Cu dedicatie pentru idiotii care comenteaza aiurea pe ideilibere la articolul cu Grexitul si 5,2 lei pentru un euro🙂 …
July 21, 2013 8:32 pm
By Wolfgang Münchau
For Greece to reform and not default makes sense only from Berlin’s perspective
I would like to ask all of you not to continue at this time this discussion on a new haircut … It is not in your interest.”
So said Wolfgang Schäuble in Athens last week. I do not blame Germany’s finance minister for refusing to discuss a Greek debt write-off at this time. His country’s federal election is only two months away. Given Berlin’s approach to crisis resolution, I struggle to think of a more certain way to lose the vote than to say: “All right, then, let’s start to be realistic right now.”
But Mr Schäuble went a step further in his remarks by raising the Greek national interest. It is, of course, for the Greeks themselves to define their own interest.
The most one could do as an outsider would be to try to speculate about a narrower version of this question: would it be economically rational for Athens to follow the path outlined by Mr Schäuble? Alternatively, should it get ready to leave the eurozone? Or try to default inside the eurozone?
The main difficulty one encounters when answering the question is the underlying assumptions about the nation’s future policy options. It may well be that the Greek government has received unofficial assurances that do not correspond to what the rest of us know. In private conversations with policy makers, I only rarely encounter someone who tells me with a straight face that Athens could stabilise its economy at full employment while happily servicing its current debt in full. Maybe the Greek prime minister has private information that the eurozone would agree to debt restructuring after all, further extensions of the existing loans, further reductions in interest rates, a combination of all three and more. The rest of us, however, would have to assume that future policy is close to Mr Schäuble’s version.
Assessing the narrower economic preconditions for an exit is easier. A country would find it hard to stage a unilateral exit from a monetary union if its primary fiscal balance – before payment of interest – was in a substantial deficit.
In its latest spring forecast, published in May, the European Commission estimates a zero primary fiscal balance for this year and a primary surplus of 1.8 per cent of gross domestic product for 2014. From an economic point of view, the point at which Greece could risk an exit is certainly getting closer.
If Greece were to depart, it would be cut off from external funding. It would presumably not service its foreign debt, at least for a while. It would then introduce its own currency during an enforced bank holiday period. There would almost certainly be a recession in the ensuing period, but a real depreciation could bring back growth in the future. The single largest benefit would, at least initially, come through a boom in tourism.
But would this be enough? Can we be sure of it?

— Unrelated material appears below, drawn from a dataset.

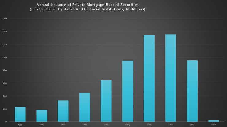 Stanley montra ensuite deux graphiques : l’un illustrant la croissance des titres adossés à des créances hypothécaires (de 200 milliards à l’époque de la révocation à 1300 milliards six années plus tard) et l’autre montrant la croissance, après la révocation du Glass-Steagall, des titres et obligations adossés à des actifs (ABS, CDO), puis leur effondrement lors du krach, de deux bons tiers de leur « valeur ».

The biggest economic argument against an exit in the past, quite apart from the funding problem, has been the almost total lack of an upside. The country did not have a functioning system for tax collection. Labour market cartels meant that the perceived benefits from a nominal devaluation may never have come about. The immediate gain in competitiveness would have been absorbed by wage increases, leaving the real exchange rate unchanged.
So one needs to ask to what extent past and present reforms have altered the robustness of the economy. My hunch is that they have done so, especially in the way the public sector works, but more is probably needed.
My criticism of eurozone policy towards Greece is not the harshness of the adjustment but its fundamental macroeconomic illiteracy. At its heart lies the delusion that Greek debt could be rendered sustainable. But the reforms – and, yes, the austerity as well – were inevitable. There is an irony in this. Reforms and austerity constitute simultaneously a precondition to stay in the eurozone, and a precondition for a departure.
This leaves Greece with two options. The first is to reform and default inside the eurozone – a strategy that requires willing accomplices in other European capitals and in the European Central Bank. The second is to reform and default outside the eurozone – a decision Greece could take unilaterally, provided the macroeconomic conditions are right.
The second has not been possible – until now. But Mr Schäuble’s option of reforming and not defaulting makes sense only from his point of view. It is not an option for Greece.
Of course, the realisation that a departure from the eurozone may be economically feasible, or even advantageous, may count for nothing.
A country may decide to stay inside the eurozone for political or security reasons. But surely we are at a different stage of debate when an exit becomes economically viable.
That has not been the case so far. Not for Greece, nor for any of the other countries in crisis. And when there is real choice, outcomes become harder to predict.